### Exercise objective
In the entries that follow, the lines from the one with "Baudelaire's print references" through the one with "插拔式接线端子 材质电镀:触点: -焊针: 黄铜,镀锡塑件: PA66,UL94V-0电气性能ULIEC额定电压150V" are the ones to write out, exactly and with both ends included. Nothing else should appear.

### Information shown

=== Begin Enclosure ===

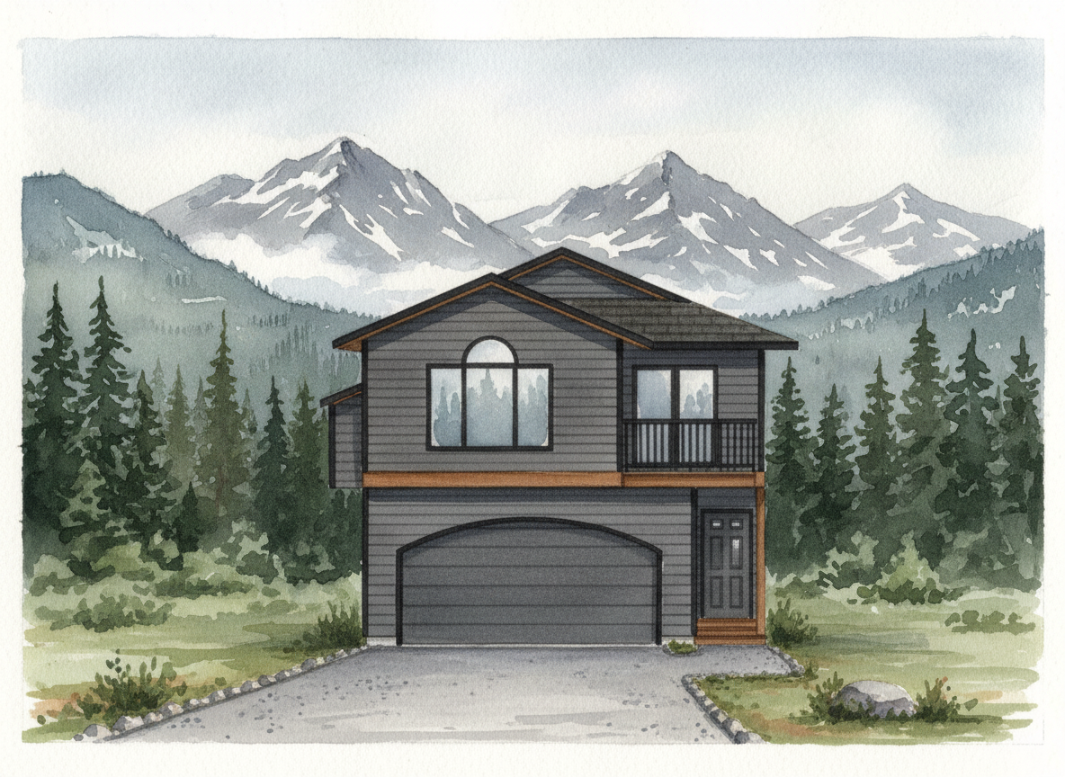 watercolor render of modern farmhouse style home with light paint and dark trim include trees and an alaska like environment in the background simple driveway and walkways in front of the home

=== End Enclosure ===
=== Begin Enclosure ===

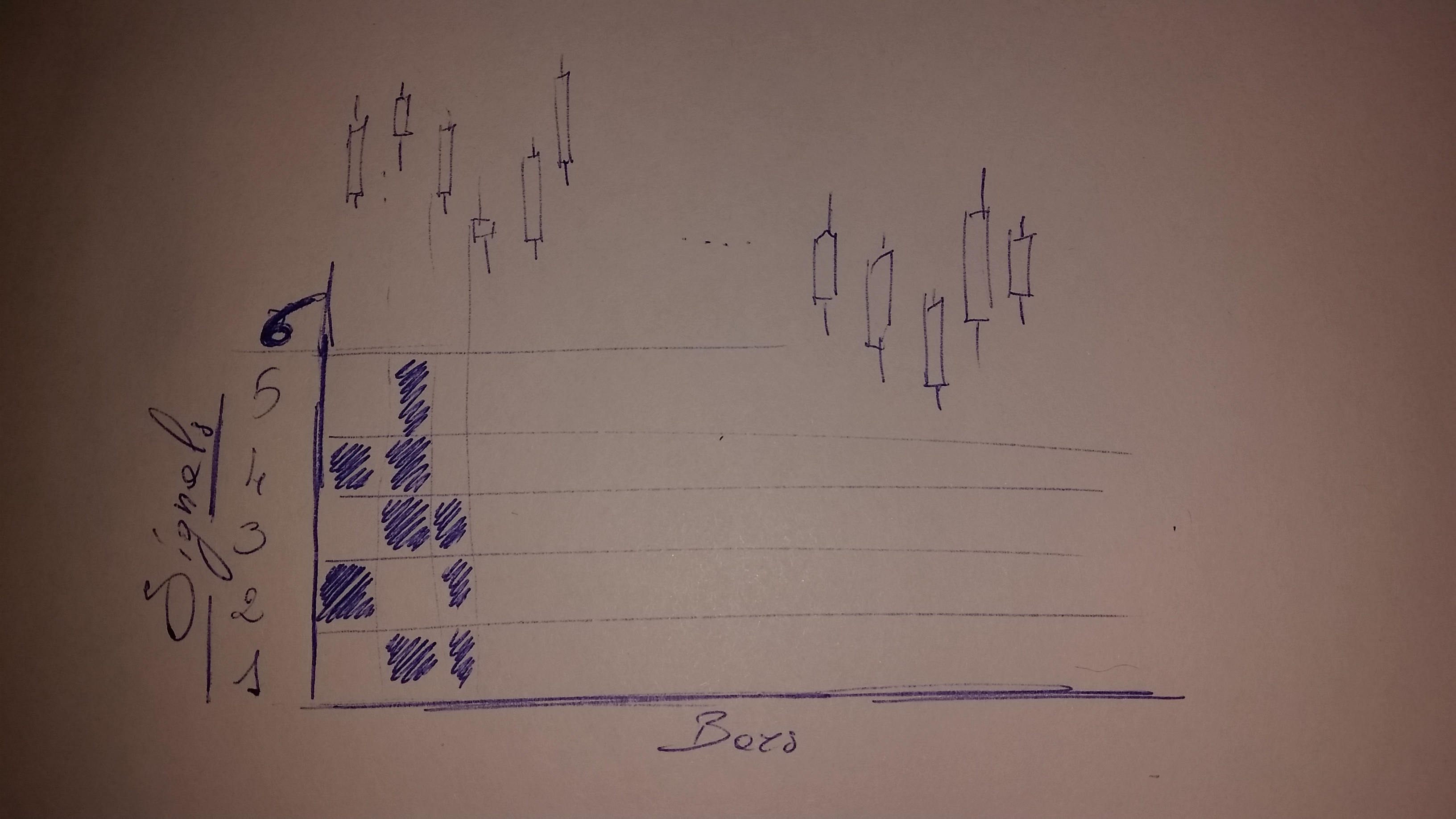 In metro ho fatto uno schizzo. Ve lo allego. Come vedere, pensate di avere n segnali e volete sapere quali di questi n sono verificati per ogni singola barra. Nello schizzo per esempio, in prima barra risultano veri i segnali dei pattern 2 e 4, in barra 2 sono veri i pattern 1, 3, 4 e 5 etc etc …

=== End Enclosure ===
=== Begin Enclosure ===

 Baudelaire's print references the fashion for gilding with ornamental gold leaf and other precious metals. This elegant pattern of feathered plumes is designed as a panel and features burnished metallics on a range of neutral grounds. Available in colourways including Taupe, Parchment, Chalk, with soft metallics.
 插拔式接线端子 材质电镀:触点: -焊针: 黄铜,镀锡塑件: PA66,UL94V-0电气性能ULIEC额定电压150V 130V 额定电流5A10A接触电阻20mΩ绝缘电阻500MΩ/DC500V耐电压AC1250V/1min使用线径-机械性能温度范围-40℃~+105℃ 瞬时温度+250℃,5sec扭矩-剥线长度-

=== End Enclosure ===

### Answer to this exercise
 Baudelaire's print references the fashion for gilding with ornamental gold leaf and other precious metals. This elegant pattern of feathered plumes is designed as a panel and features burnished metallics on a range of neutral grounds. Available in colourways including Taupe, Parchment, Chalk, with soft metallics.
 插拔式接线端子 材质电镀:触点: -焊针: 黄铜,镀锡塑件: PA66,UL94V-0电气性能ULIEC额定电压150V 130V 额定电流5A10A接触电阻20mΩ绝缘电阻500MΩ/DC500V耐电压AC1250V/1min使用线径-机械性能温度范围-40℃~+105℃ 瞬时温度+250℃,5sec扭矩-剥线长度-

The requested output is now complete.